**EXERCISE AIM**
What you give back from the listing below should be an exact copy of the lines from the one with "Small set of" down to the one with "日前,广东省科技厅发布202", and it should contain no pictures.

**ENTRIES SHOWN**
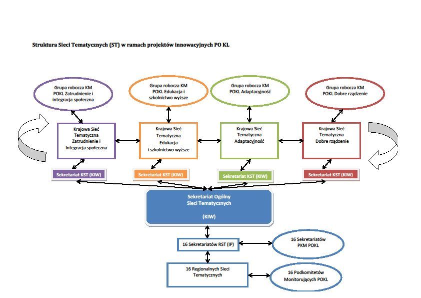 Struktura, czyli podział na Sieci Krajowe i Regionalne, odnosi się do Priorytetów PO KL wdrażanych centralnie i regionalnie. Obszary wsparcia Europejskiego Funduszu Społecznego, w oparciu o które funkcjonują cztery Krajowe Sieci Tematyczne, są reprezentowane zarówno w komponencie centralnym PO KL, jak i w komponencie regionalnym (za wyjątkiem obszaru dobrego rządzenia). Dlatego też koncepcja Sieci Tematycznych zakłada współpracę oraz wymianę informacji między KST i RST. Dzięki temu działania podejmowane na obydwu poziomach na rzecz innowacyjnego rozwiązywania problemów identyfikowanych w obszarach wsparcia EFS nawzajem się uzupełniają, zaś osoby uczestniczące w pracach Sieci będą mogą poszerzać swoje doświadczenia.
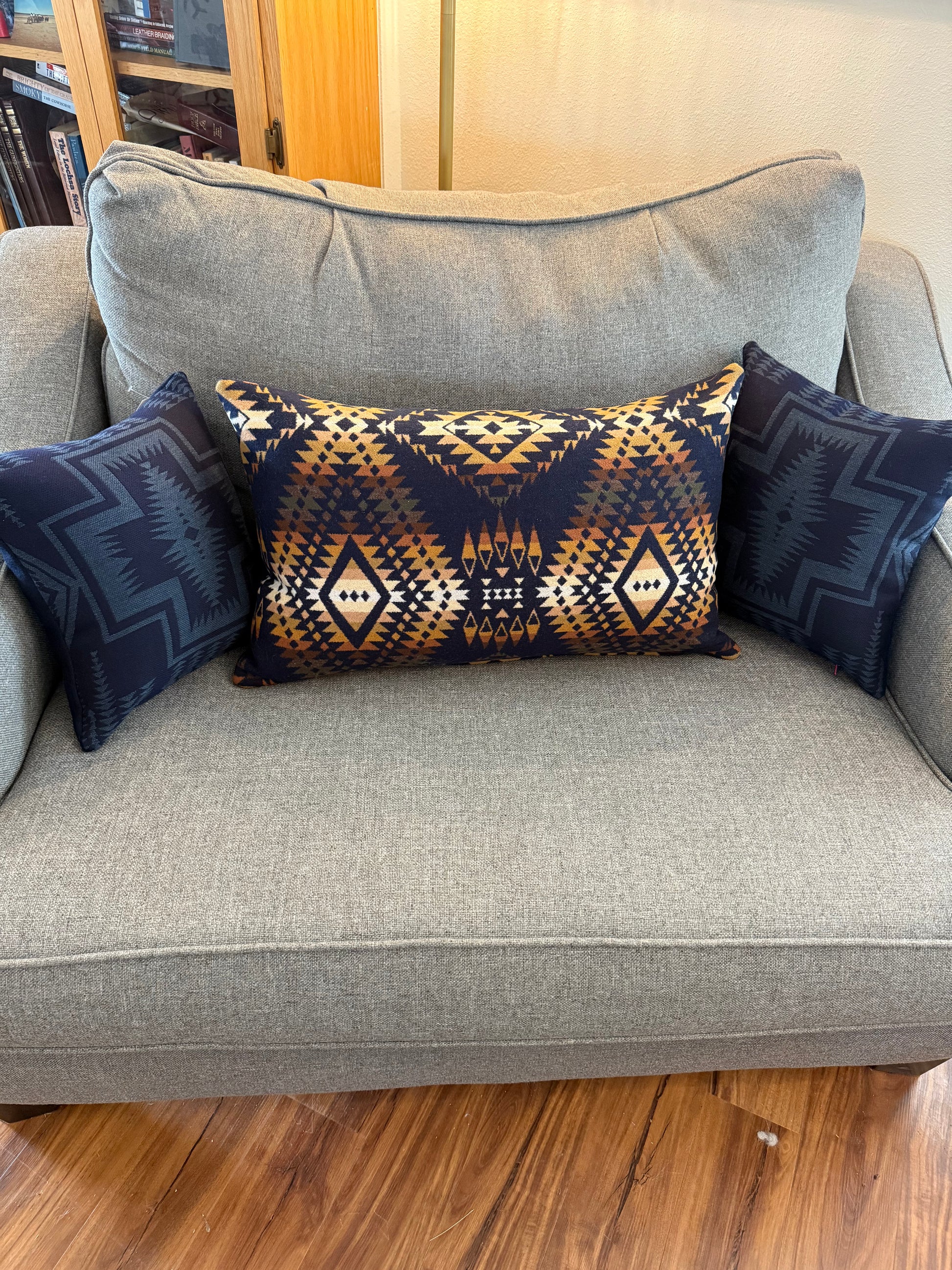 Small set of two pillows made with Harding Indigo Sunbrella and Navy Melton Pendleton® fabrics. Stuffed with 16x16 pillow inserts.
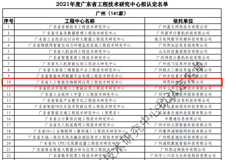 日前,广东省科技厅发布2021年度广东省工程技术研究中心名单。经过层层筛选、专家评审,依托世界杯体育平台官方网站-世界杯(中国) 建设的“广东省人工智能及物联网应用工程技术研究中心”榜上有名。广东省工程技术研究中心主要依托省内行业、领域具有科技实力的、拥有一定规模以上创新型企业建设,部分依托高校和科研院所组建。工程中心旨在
* * *
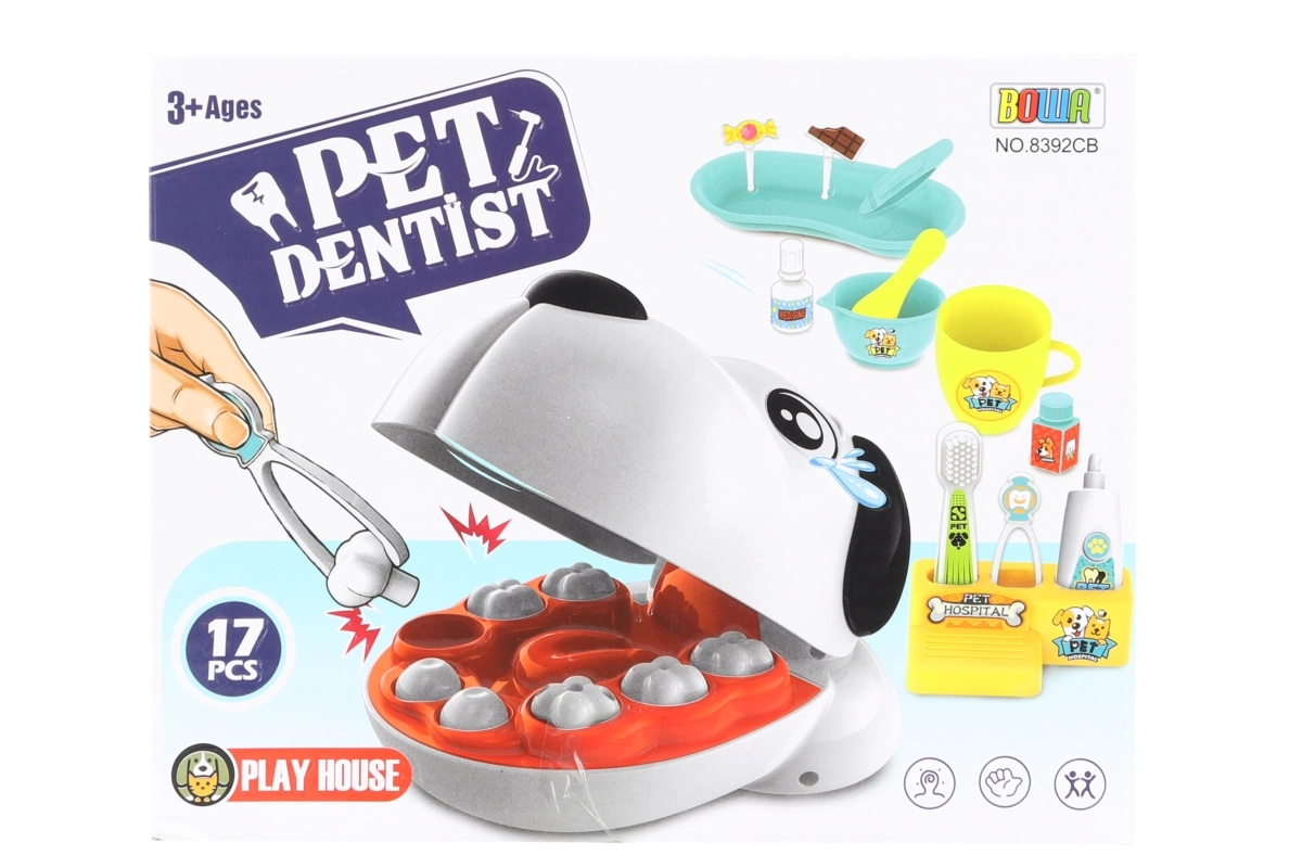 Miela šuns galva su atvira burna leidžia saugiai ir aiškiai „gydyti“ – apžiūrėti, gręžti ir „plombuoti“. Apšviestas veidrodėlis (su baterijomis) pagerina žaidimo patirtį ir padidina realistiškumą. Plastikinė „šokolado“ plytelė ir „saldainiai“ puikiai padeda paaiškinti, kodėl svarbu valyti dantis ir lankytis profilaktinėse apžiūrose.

**EXERCISE RESULT**
 Small set of two pillows made with Harding Indigo Sunbrella and Navy Melton Pendleton® fabrics. Stuffed with 16x16 pillow inserts.
 日前,广东省科技厅发布2021年度广东省工程技术研究中心名单。经过层层筛选、专家评审,依托世界杯体育平台官方网站-世界杯(中国) 建设的“广东省人工智能及物联网应用工程技术研究中心”榜上有名。广东省工程技术研究中心主要依托省内行业、领域具有科技实力的、拥有一定规模以上创新型企业建设,部分依托高校和科研院所组建。工程中心旨在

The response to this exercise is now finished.